Things get complicated when it emerges that Issa is implicated in attacks by radical Islamic groups. This puts him on the radar of the German security services, who place a grizzled veteran spy named Gunther Bachmann on his case. Bachmann, who adheres to the quaint view that espionage is about gathering information rather than crushing bones, soon suspects the young man’s confessions were simply a means of getting his jailers to loosen the thumbscrews. His superiors do not buy it. Eager to curry favour with their American masters, they see Issa and his new-found wealth as a means of entrapping Dr Abdullah, a charismatic fundraiser for Muslim charities who may be guilty of letting a few pennies of every pound he raises slip into the wrong hands.
As ever, le Carré builds his story’s considerable suspense on character, not fervid action.
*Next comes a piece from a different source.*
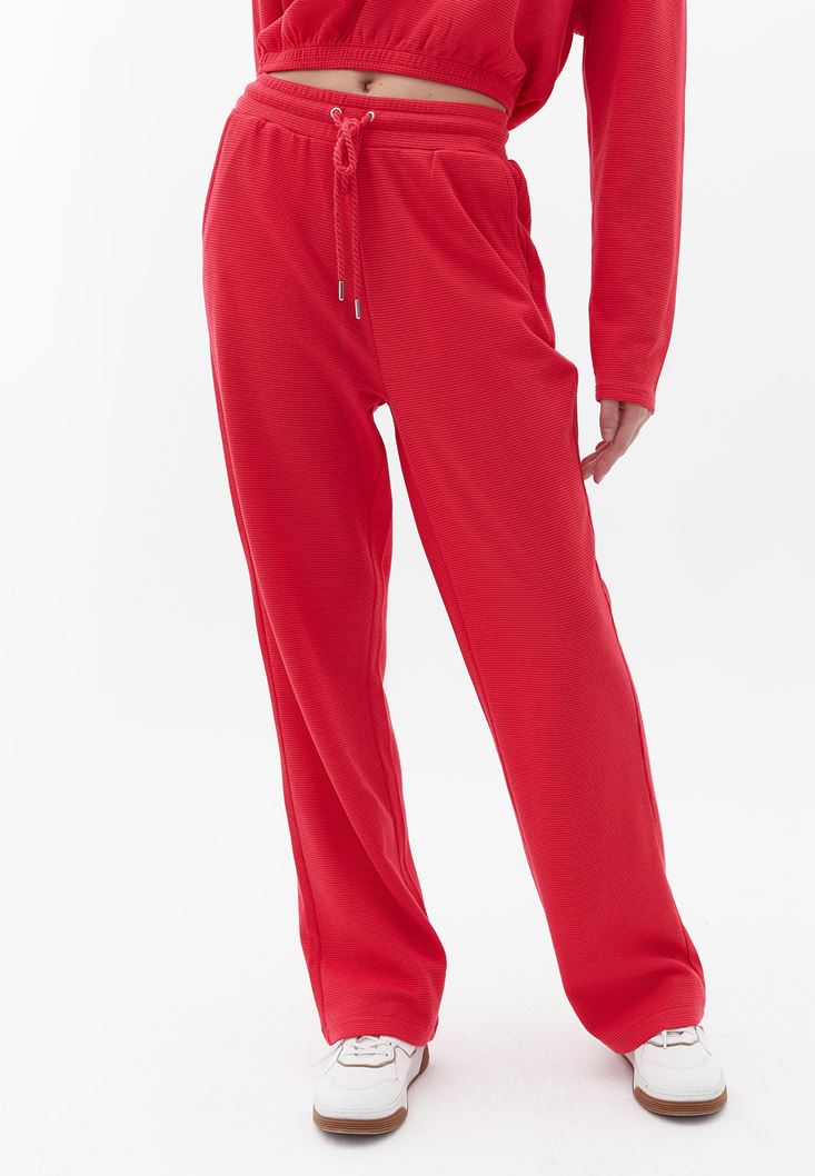 Pamuk karışımlı özel gofre doku, yüksek bel, bedenden uzak rahat fit, boru paça, beli lastikli ve bağcıklı, ön kısmı iki cepli.

Issa is a particularly fine creation, a brilliant and promising boy whose mind has been damaged, but not broken, by his terrible past. Bachmann is also well portrayed, an ironic, world-weary survivor of battles both internal and external whose apparent amorality hides the book’s most principled soul.
Centre stage, however, belongs to Brue and Annabel, products of privileged backgrounds who find themselves powerfully drawn to Issa. Brue sees himself as a member of a “dying species . . . salt of the earth, good man on a dark night, no high flyer but all the better for it, first-rate wife, marvellous value at the dinner table, and plays a decent game of golf”.
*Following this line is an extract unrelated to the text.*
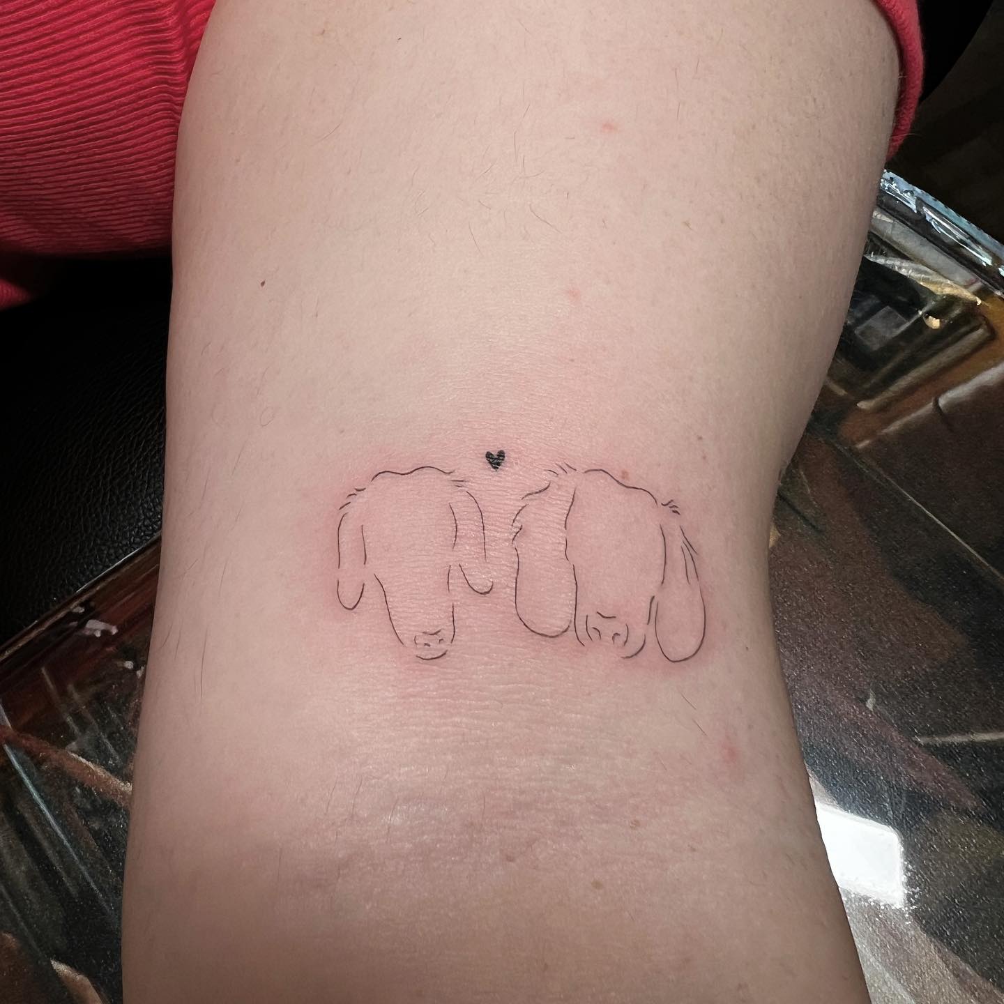 The tattoo features two simplistic dog faces positioned closely together, connected by a small heart above them.

But it’s a sham, his wealth founded partly on unholy alliances with Russian gangsters and British intelligence. In Annabel, he sees the chance to find some late-innings redemption. For her part, Annabel understands that Issa’s case exists in a netherworld beyond the law, where affidavits and motions are not worth the paper they are printed on. “I knew that this was where the system stops,” she claims, “that this was the unsavable life I must save.”
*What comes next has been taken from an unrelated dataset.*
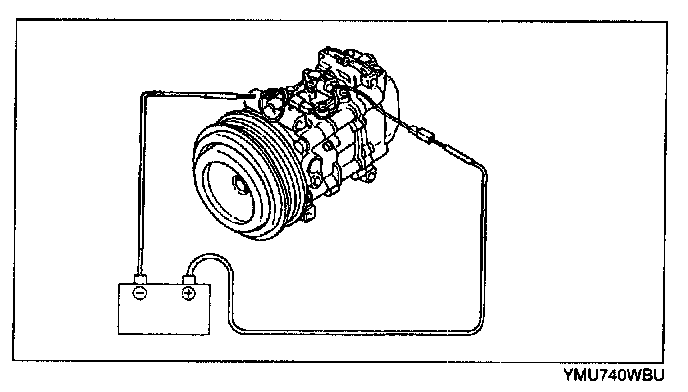 2. Connect battery positive voltage to terminal A of the magnetic clutch and ground to A/C compressor body.

But in the never-ending war on terror, there is no room for the humanity of Brue and Annabel, of Bachmann and Issa. If the Germans and British don’t sink quite as low as the Americans in dealing with the refugee, it is simply a question of nerve, not principle. Some readers might feel that the bleakness on display in A Most Wanted Man is a long way from the nuanced world of Smiley and his circus. Perhaps, though, this is no criticism of le Carré, whose narrative power and abiding humanity remain intact as he nears his 80th birthday. It is, instead, an indictment of the governments we allow to act in our names.